Asia-Pacific News
Restive Philippine volcano hisses, rumbles, belches ash
Dec 26, 2009, 9:36 GMT
Manila - A restive Philippine volcano on Saturday hissed, rumbled and belched ashes in a persistent display of intense activity.
The Philippine Institute of Volcanology and Seismology (Phivolcs) said it recorded overnight 406 volcanic explosions in Mayon Volcano in Albay province, 360 kilometres south-east of Manila.
The agency said it detected two hissing and 26 rumbling sounds, indicating that magma continued to move up the cone.
A total of 142 rockfall events and 33 ash eruptions reaching as high as 1,000 metres were also observed during the past 24 hours.
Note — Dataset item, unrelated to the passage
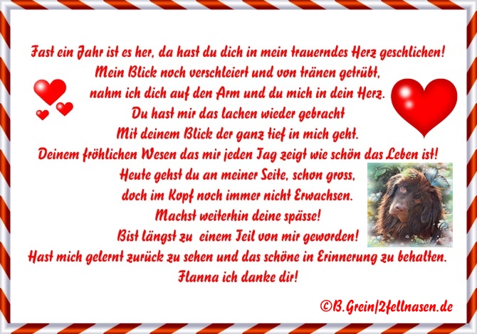 Frauchen ein ganz liebes Gedicht gemacht! Bei Rike habe ich das auch ganz gut geschafft. Man ich kann Euch sagen, dass war ein verdammt hartes Stück Arbeit. Anfangs dachte ich schon ich beisse mir an ihr noch die Zähne aus. Aber wer kann schon auf Dauer wahrem Neuficharme wiederstehen? Eben, sag ich ja! Sie hat es ja auch mittlerweile gelernt und jetzt sind wir immer fleissig am Kuscheln, Toben und unsere Menschen scheuchen, Nur eines muss ich ihr noch abgewöhnen: Das sie mich anknurrt wenn sie ihren blöden Ball in der Schnauze hat und ich zu ihr komme. Als ob ich ihr den klauen würde! Wenn, dann würde ich ihn mir nur mal ausborgen. Aber das werde ich sicher auch noch schaffen. So, nun bin ich müde und werde daher erstmal ein Nickerchen machen. go luath* Eure Flanna *Das ist gälisch und bedeutet „Bis bald“

Phivolcs volcanologist Ed Laguerta said seismic activity of Mayon had decreased compared to recent days, but its activity remained intense and a hazardous eruption was still probable within days.
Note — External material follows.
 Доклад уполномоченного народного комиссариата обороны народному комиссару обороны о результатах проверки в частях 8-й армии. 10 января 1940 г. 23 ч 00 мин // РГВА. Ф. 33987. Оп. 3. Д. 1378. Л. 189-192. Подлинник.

'If we look at Mayon's history in 1984, it calmed down for a few days before it erupted,' he said.
Neary 50,000 people living on the slopes of the volcano have been evacuated and soldiers and police strictly imposed checkpoints to prevent residents from returning to their homes.
The 2,472-metre volcano has erupted about 50 times since 1616. It last erupted in July 2006, forcing more than 30,000 people to flee their homes.
Mayon's most violent eruption was in 1814, when more than 1,200 people were killed and a town was buried in volcanic mud. An eruption in 1993 killed 79 people.